We started with the tired old “knowledge pyramid” — you know, the one that starts with Data and progresses through Information and Knowledge until arriving at Wisdom (DIKW).

The old pyramid gets just about everything wrong, at least as it’s usually explained. And the flaws matter: For an enterprise to act as if it thinks, getting this right is essential.

Here’s an overview. To get the whole story you’ll need to buy the book. It pains me to say this, and I plan to continue in my agony until you … that’s right, you, the person reading these words right now … until you get yourself a copy and write an honest review on Amazon.

Where was I. That’s right — the old DIKW pyramid and what to do about it.

Start with Data. Most of DIKW’s proponents would have you think that every byte stored on your company’s hard drives, NASes and SANs is data. When you read an awe-inducing statistic about the data explosion, it’s probably based on the every-byte-stored definition. You’d think the GIGO principle (Garbage In/Garbage Out) was still waiting to be formulated.

Data (plural of datum if anyone still cares about such things) is actually a collection of individually verifiable facts. Your eye color is a datum. So are your driver’s license number, your annual income, and how many miles you walk every week.

Data aren’t always verified, but they must be verifiable.

Information next. No, it isn’t data that have been processed to provide something useful. Definitions like this entirely ignore the well-developed branch of mathematics upon which the entire data process industry is founded: Information theory.

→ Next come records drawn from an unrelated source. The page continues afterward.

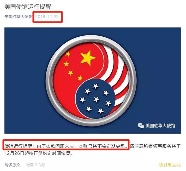 其次是政府的喉舌们,美国驻华大使馆的微信至今仍未恢复更新,最新的一次更新的消息就是“停止更新”,时间停滞在2018年12月26日……
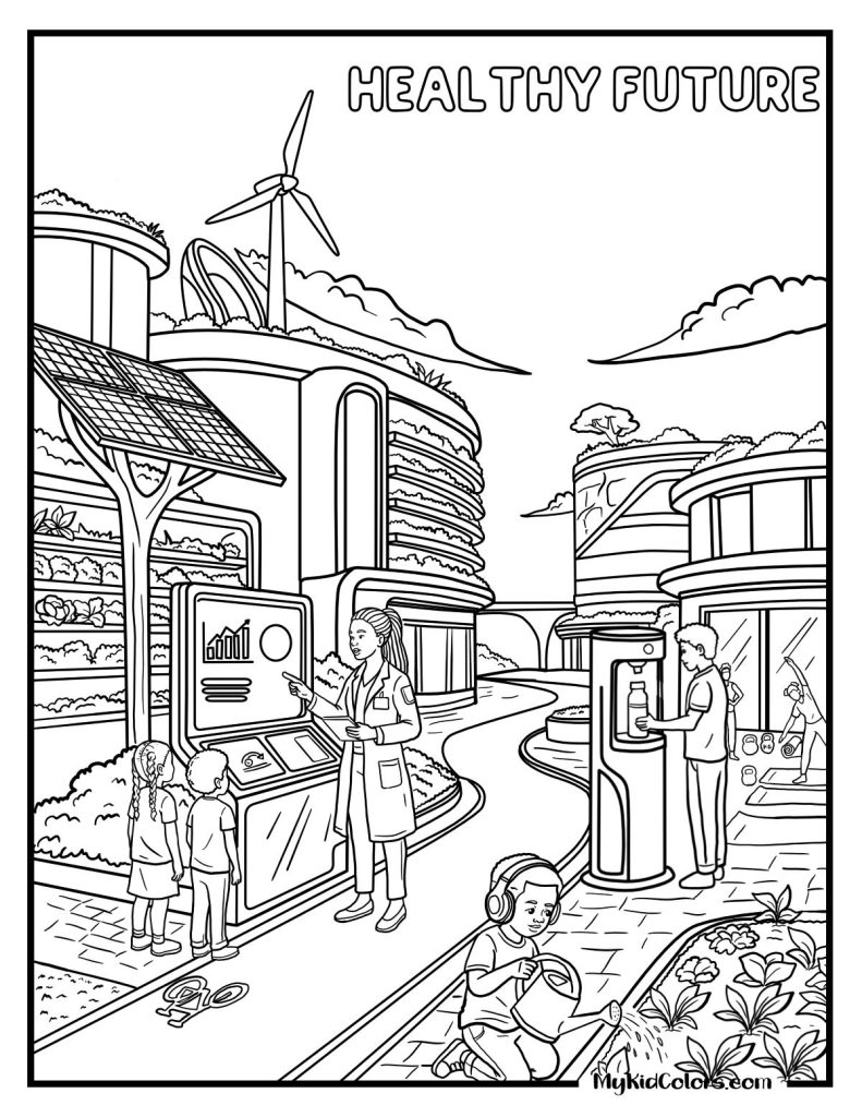 - Pages 12 & 13: Nature exploration and a futuristic wellness city encourage children to think about how health connects to the environment, community, and the future of healthy living.
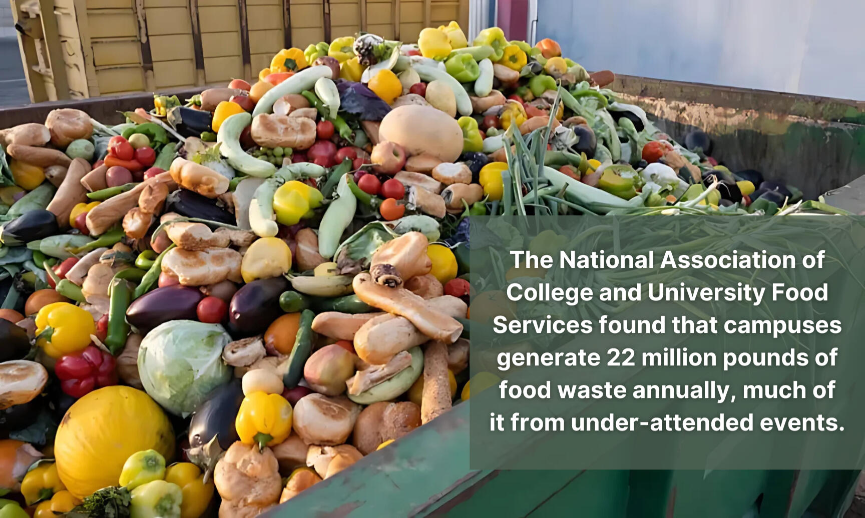 Catered food often lacks sustainable redistribution avenues and ends up in landfills, releasing methane, a greenhouse gas 25 times more potent than CO2 over a 100-year period. The EPA estimates that 30-40% of all food in the U.S. is wasted, contributing to 8% of global greenhouse gas emissions.
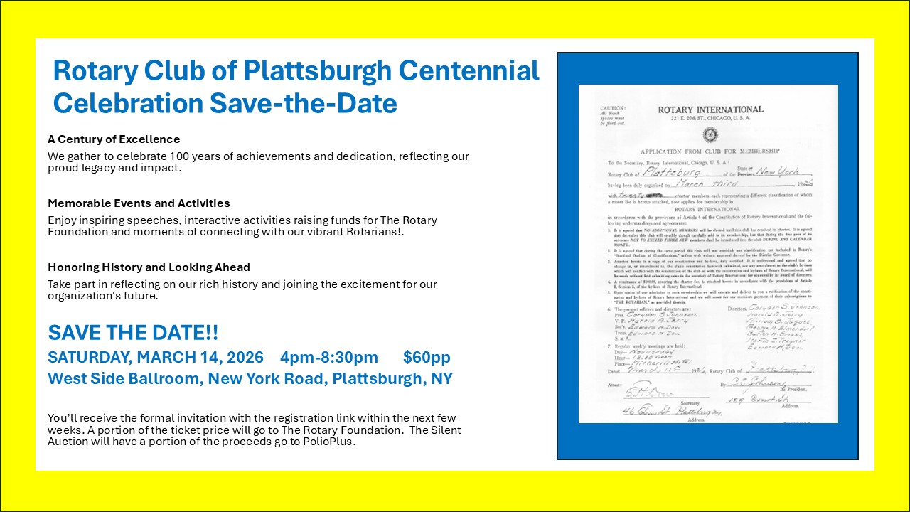 This year, The Rotary (Noon) Club of Plattsburgh teamed up with the Rotary Club of Plattsburgh Sunrise to raise funds for RI's effort to eradicate polio.
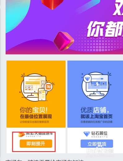 在“营销推广中间”页面,点击“淘宝/天猫纵贯车”下方的“即刻晋升”

Information is the stuff that reduces uncertainty. It comes in bits, one of which is the quantity of information that cuts your uncertainty about something in half. The classic example is a coin toss. You know it either landed heads or tails. One bit of information will resolve your uncertainty about the result.

For the most part, though, information doesn’t eliminate uncertainty. It reduces it — a very different matter. Even in the case of the coin toss, if someone tells you it landed heads you still aren’t absolutely sure. Your informant might, for example, be an untrustworthy source.

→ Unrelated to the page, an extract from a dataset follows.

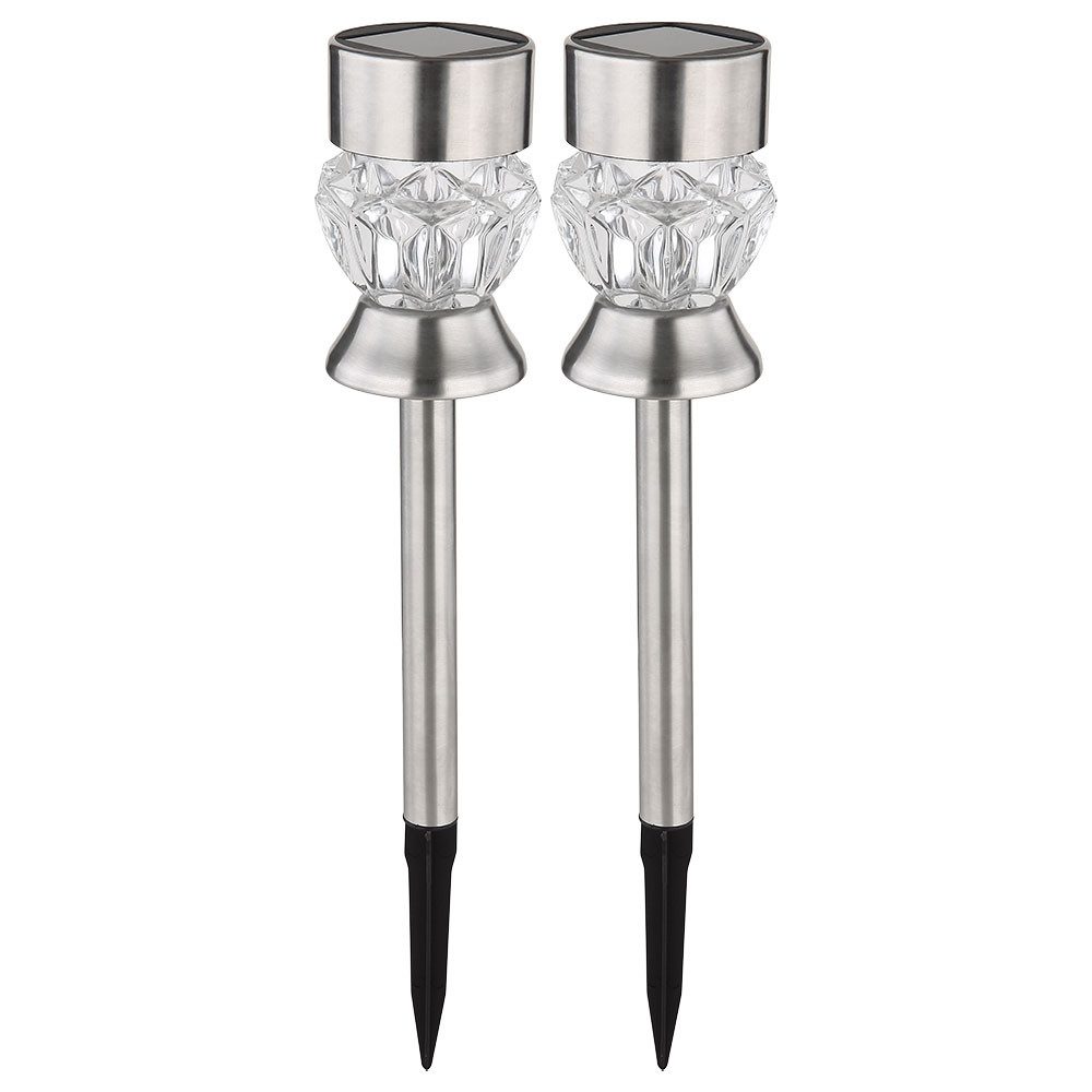 Der Akku (AA 200mAh 1.2V) ist ebenso im Lieferumfang enthalten. Dieses Set enthält 2 Stück der Solarleuchte. Die Leuchte kann sowohl aufgestellt als auch mit Erdspitz verwendet werden.

Information is, by the way, what a good system of metrics provides.

Which gets us to knowledge – a word that’s been hard to pin down since Plato first wrote about it a few millennia back, not that he got anywhere with his ponderings.

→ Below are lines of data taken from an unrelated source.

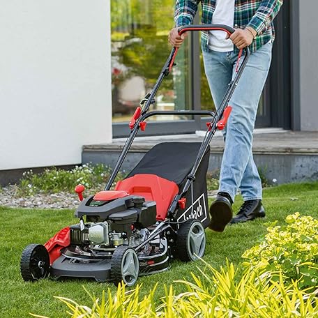 Sản phẩm Scheppach MP150-46 Petrol Lawnmower, 3.7 HP 150 cm³, 5-in-1 Mower, 46 cm Cutting Width, 7-Level Cutting Height Adjustment, 55 Litre Catch Basket with Level Indicator đang được bán với giá ưu đãi là $241.217 tại nước Đức.
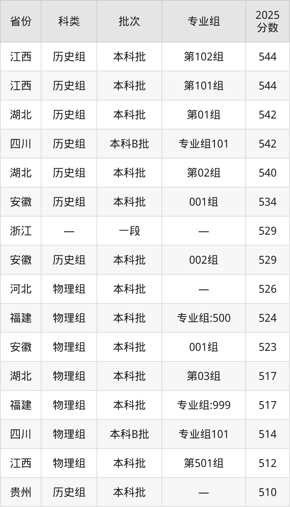 而江西地区历史组考生的分数门槛最高,2025年台州学院第102组在江西招生最低分为544分,考生至少要超本科线58分才有可能被录取。
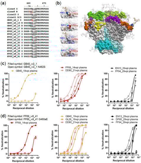 To map the targets of wave 1 neutralizing antibodies, we aligned the amino acid sequences of the tested Env clones and identified two mutations in gp120 V5 that were associated with changes in neutralization sensitivity, N462S for GB40_w2_1 and G460aE for FF69_w2 and FF69_w8 clones (Figure 4a). Note that N462 is a putative N-linked glycosylation site, and the N462S mutation has been associated with the N462 glycan shifting to N461 in the resistant clones. Modeling of the N462 and G460a on a JR-FL SOSIP trimer structure (PDB: 5FYK) [] indicated that both residues were exposed on the surface, and that the orientation of the N462 glycan could be very different when shifted to N461 (Figure 4b). Also, the G460aE mutation introduced a bulkier side chain and a negatively charged surface from a neutral surface in the center of the region (Figure 4b). Therefore, both mutations were likely to significantly alter the potential antibody interacting surface of the V5 region.
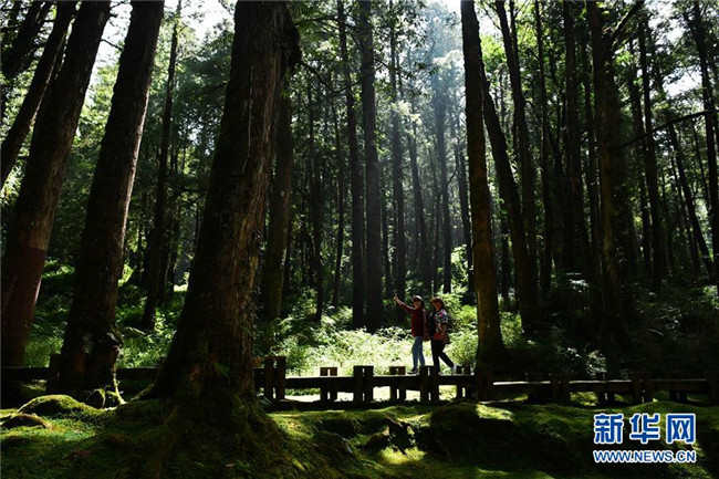 10月7日,游客在阿里山的樹(shù)林中游覽。
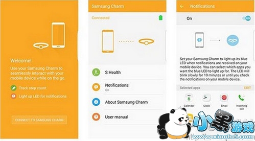 功能上,Charm可以追踪步数、旅行距离、卡路里(热量单位),它还可以为用户提供呼叫、短信、社交媒体信息,借助彩色LED通知用户。Charm可以和三星S Health(4.6或者更高版本)应用程序搭配使用,也就是通过蓝牙与Android手机(ndroid 4.4及以上)同步。

I’m not criticizing, mind you. Epistemology is an eyeball-crossing domain.

Scientists generally rely on Karl Popper’s approach to things: You start with a proposition and do everything you can to disprove it. A proposition that’s survived all the tests human ingenuity can subject it to — nobody can think of any more tests that might disprove it — is considered by scientists to be something they “know,” in quotes because they know that everything they “know” is just one additional test away from being something they used to know, only now they know better.

Business managers (and, for that matter, consultants) don’t have the luxury of subjecting their knowledge to testing that’s as thorough as what scientists are able to manage. We have to make do.

Scott and I are practical guys, not epistemologists. We figure you know something if you’ve looked into it extensively and have concluded there’s just no point in worrying about it anymore. You still might be wrong, but you’re more than certain enough to act.

Then we added a new layer: Judgment. It sits between knowledge and wisdom in the pyramid. Judgment is about tempering your knowledge about something with related insights that come from experience. It’s your safety net when making difficult decisions.

At the top of the pyramid there’s wisdom — broad principles about important subjects, which you don’t find very often, and when you do it’s rarely in the domain of commerce.

Now, finally, we’re ready to talk about what it means for an enterprise to be cognitive. It means the enterprise does a fair imitation of knowing things, as distinct from the people in it knowing things.

In a cognitive enterprise, when it comes to the most important subjects, most people share similar views, with similar levels of certainty, and so can be trusted to make similar decisions when it’s their turn to do so.

A different way of saying it: In a cognitive enterprise, knowledge becomes culture, and culture becomes the centerpiece of governance.